◆ **Brief**: Please return exactly the line that contains "日前,中国民主建国会秦皇岛市" and every line after it, through the last line of the records below, with no pictures.

◆ **Data shown**:
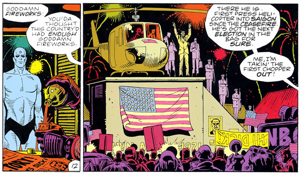 Ma l’idillio dura poco. La possibilità di poter contare su un uomo (Super-uomo? Extra-uomo? Oltre-uomo?) capace di annientare i missili sovietici in volo ha dato un enorme vantaggio agli USA, che hanno vinto la Guerra del Vietnam e Nixon è stato rieletto per ben 5 mandati consecutivi. Ancora una volta, tutti questi avvenimenti sono probabili e conseguenziali. Inoltre, l’esistenza di Manhattan ha creato un forte senso d’inferiorità nei confronti degli eroi mascherati da parte della gente comune, che si è sentita messa da parte, minimizzata, superata. E le sommosse popolari hanno costretto il governo ad applicare una legge, il cosiddetto Decreto Keene del 1977, che ha messo al bando i vigilanti. Alcuni si sono ritirati, altri si sono dati alla clandestinità e altri ancora hanno deciso di collaborare col governo. Ed è proprio quando uno di loro, il “Comico” Edward Blake, viene brutalmente assassinato che comincia la storia di Watchmen.
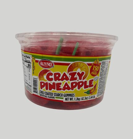 aros de gomas con chile sabor pina. Bote de 1.2 kg (2.64 lb) 150 piezas por bote
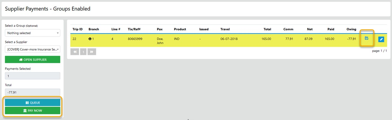 Next - you may choose to Que the payment for later processing by selecting the Option
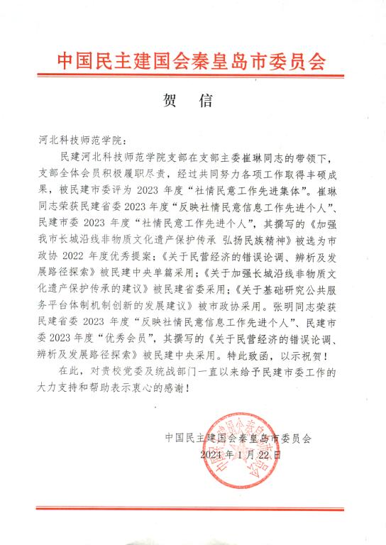 日前,中国民主建国会秦皇岛市委员会向Beat365发来贺信,感谢学校党委一直以来对民建市委工作的大力支持和帮助。贺信表示,民建Beat365唯一官方网站支部全体会员积极履职尽责,经过共同努力各项工作取得丰硕成果,被民建市委评为2023年度“社情民意工作先进集体”。(编辑:孙艳敏 审核:王荣加)
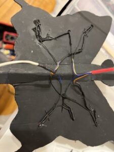 For each wire, I would have two LEDs connected in a series. In total I used two thinner wires per wing, having a total of four wires on the entire butterfly. I soldered the wires to the LEDs and placed heat shrinks around the exposed sections, with red representing positive and black representing a negative charge.
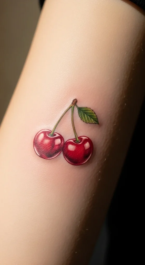 Microrealism fruit tattoos have become a cute extension of the sticker tattoo trend. A tiny cherry, strawberry, or lemon slice looks charming and fun without feeling childish. If you want to test it, print a small fruit sticker and place it near your wrist. This helps you see color placement before committing. Keep the tattoo under 1 cm for the softest effect. Because color work can cost more, you can choose a tiny outline instead. It’s playful, symbolic, and very popular with people collecting multiple minis.

◆ **Result of the exercise**:
 日前,中国民主建国会秦皇岛市委员会向Beat365发来贺信,感谢学校党委一直以来对民建市委工作的大力支持和帮助。贺信表示,民建Beat365唯一官方网站支部全体会员积极履职尽责,经过共同努力各项工作取得丰硕成果,被民建市委评为2023年度“社情民意工作先进集体”。(编辑:孙艳敏 审核:王荣加)
 For each wire, I would have two LEDs connected in a series. In total I used two thinner wires per wing, having a total of four wires on the entire butterfly. I soldered the wires to the LEDs and placed heat shrinks around the exposed sections, with red representing positive and black representing a negative charge.
 Microrealism fruit tattoos have become a cute extension of the sticker tattoo trend. A tiny cherry, strawberry, or lemon slice looks charming and fun without feeling childish. If you want to test it, print a small fruit sticker and place it near your wrist. This helps you see color placement before committing. Keep the tattoo under 1 cm for the softest effect. Because color work can cost more, you can choose a tiny outline instead. It’s playful, symbolic, and very popular with people collecting multiple minis.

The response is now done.